NetRight Daily, December 16, 2013
By Bill Wilson
Barack Obama is in a box: He repeatedly
promised “if you like your health care plan, you can keep your
health care plan,” but his socialized medicine monstrosity has cost millions of
people their coverage. It’s also become painfully clear Obama knew this was going to happen as early as March 2010 — yet kept
regurgitating his false promise.
Obamacare also has a bigger problem: As written, the law’s key mechanism for
issuing subsidies to state exchanges is legally enforceable in only one third
of the country — meaning the only way to pay for its nationwide dependency
expansion is new deficit spending.
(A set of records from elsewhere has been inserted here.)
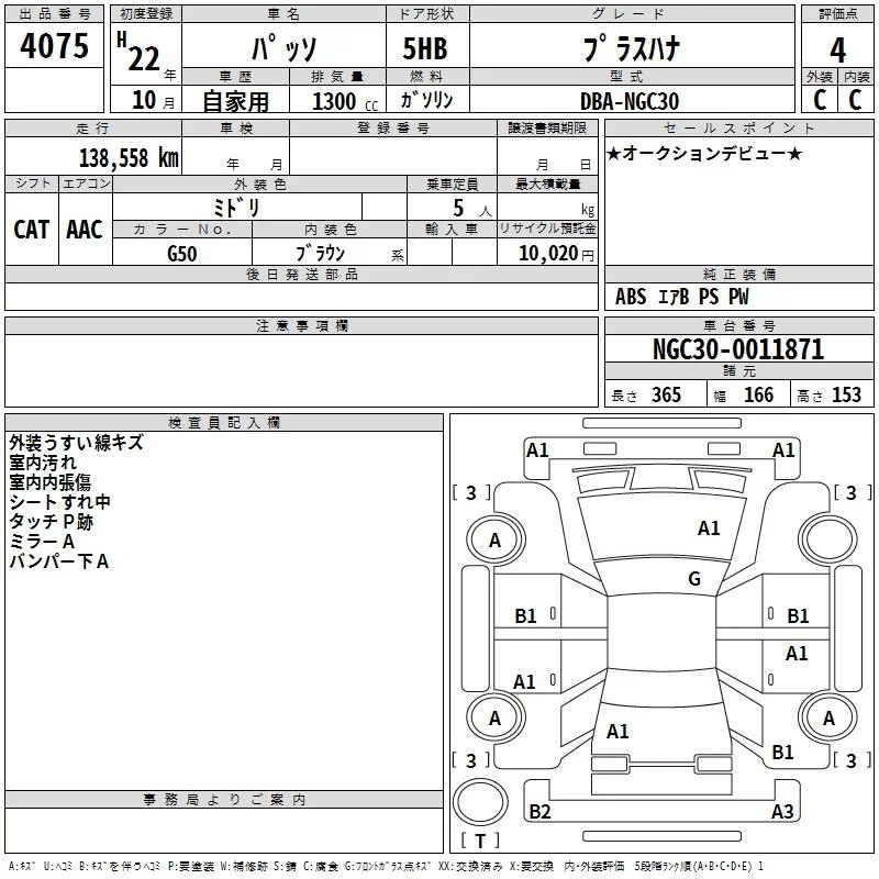 G | DBA-NGC30 | 1NR-FE | FF | CVT | 1329cc | 95ps(70kW)/6000rpm | AИ-92 | 1 325 000 | |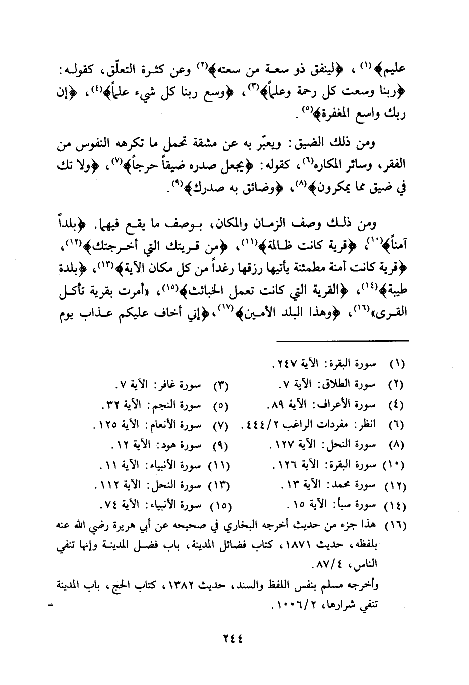 {لينفق ذُو سَعَة من سعته} وَعَن كَثْرَة التَّعَلُّق كَقَوْلِه {رَبنَا وسعت كل شَيْء رَحْمَة وعلما} {وسع رَبنَا كل شَيْء علما} {إِن رَبك وَاسع الْمَغْفِرَة}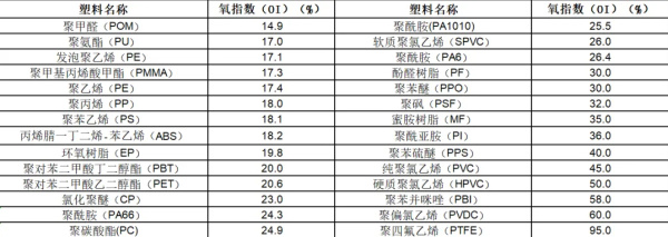能維持聚合物燃燒的混合氣體中氧氣的小體積分?jǐn)?shù),稱為聚合物的極限氧指數(shù)(LOI),簡稱氧指數(shù)(OI)。氧指數(shù)是衡量聚合物材料是否燃燒的重要指標(biāo)。由于空氣中氧氣的體積分?jǐn)?shù)為20.9%,所以,氧指數(shù)小于21%的聚合物,一般可在空氣中被點燃。

This would clearly violate another oft-repeated Obama
promise: That his law would not “add one dime” to the federal deficit (well,
beyond the $6.2 trillion identified in this 2013 GAO
report).
What’s an administration to do, right?
That’s easy: Change the law.
“As we implement this law, we have and will continue to make changes as
needed,” senior administration official Valerie Jarrett wrote this
summer.
And so Obama has shredded the Constitution in favor of the “Easy
Button,” arbitrarily remaking entire sections of the health care law that deal
with its employer mandate, its deductible and co-payment limits, its coverage
requirements and — more disturbingly — its power to subsidize health insurance
in more than thirty states.
Consider this: Obamacare itself contains 906 pages and approximately
380,000 words. But the regulations promulgated in support of the law total
10,535 pages and approximately 11,588,500 words.
U.S. Sen. Rand Paul (R-Kentucky) hit the nail on the head earlier this
year in responding to this systematic obliteration of our nation’s
constitutionally prescribed separation of powers.
“The president doesn’t get to write legislation, and its illegal and
unconstitutional for him to try and change legislation by himself,” Paul told Fox News.